Sunday, October 03, 2010

Book Review: "Obama's Wars"

Bob Woodward's books are something of a staple for me; as soon as a new one appears, I read it (in the meantime trying to avoid the breathless coverage of its revelations in the press before the publication date). Obama's Wars (just out from Simon & Schuster) is no different. I think of these books as little more than extra-long newspaper articles; without the benefit of hindsight that later historians will have, Woodward's journalism offers a fly-on-the-wall view of decision-making processes in all their messy, mind-numbing tedium and turf-guarding bluster.

This book effectively chronicles the year from Obama's election through early December 2009, when he announced the 30,000-troop "surge" into Afghanistan that will - hopefully - culminate in the beginnings of a drawdown there in July 2011. It recreates through in-depth interviews with many of those involved the deliberations, deals and strategy sessions that ultimately led to that announcement, and then briefly recounts what's happened since (the sacking of DNI Dennis Blair and Afghanistan commander Stanley McChrystal, and the failed Times Square bombing attempt by Faisal Shahzad, for example).

What comes through loud and clear is the impression of a president deeply engaged with the decision-making process, who understands the consequences of his actions, and who treats his responsibilities as commander in chief with all the seriousness they deserve. Obama comes across as a leader who permits significant, even rancorous debate among his team, but who can grow impatient - and justifiably so - when he's not being given the full story or being presented with a complete set of options from his advisors.

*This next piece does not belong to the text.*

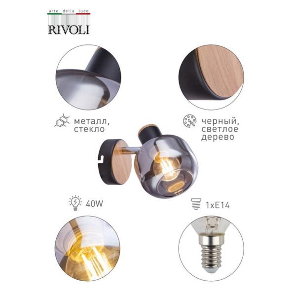 Характеристики Светильник настенно-потолочный спот Rivoli Dorkas 7026-701 1 х E14 40 Вт поворотный уценка: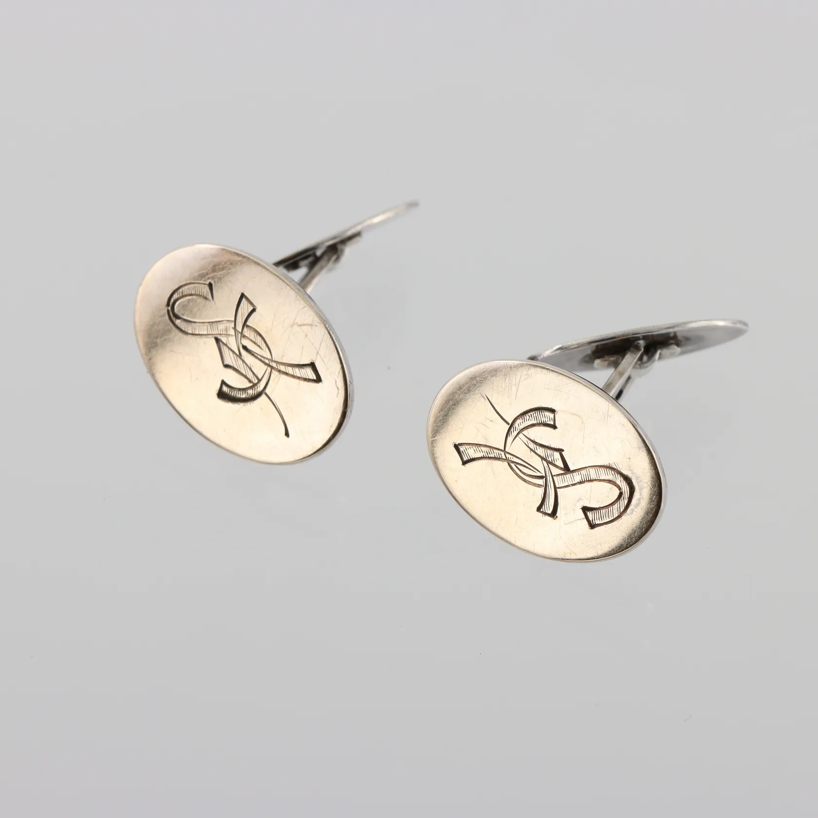 Parmanschettknappar med monogram , ovala ca 20x13,5mm, Guldvaruaktiebolaget G. Dahlgren & Co Ab Malmö 1939, silver Vikt: 7,8 g.

I think the most frightening aspect of the book for me was the level to which the military commanders advising Obama seemed to be always pushing for more troops and a broadening of the mission in Afghanistan, and that they seemed impervious at times to the directives Obama passed along to them for ways to focus their efforts and offer him realistic alternative approaches. The level of personal animosity and tension between various members of the national security apparatus is more than a little worrying, but in the end it seems like the president has a good team and knows how to manage them well. The vice president comes off particularly well - he may get on everybody's nerves once in a while, but he's engaged, serious, and relentlessly realistic. Some others (most notably the national security advisor) don't emerge in such a flattering light.

The major question that this book raises, and that the players never seem to manage a clear answer to is how we can achieve our goals in Afghanistan without a stronger partner there (Karzai does not appear at this point to be the serious leader the country needs in order to get back on its feet), and how can we work with Pakistan to ensure that the Taliban and al-Qaeda are rooted out of their safe havens and thoroughly beaten back? These questions, which are certainly being handled every day by the administration and will be the subject of a thorough review at the end of the year, remain to be resolved - Woodward's got another book to write.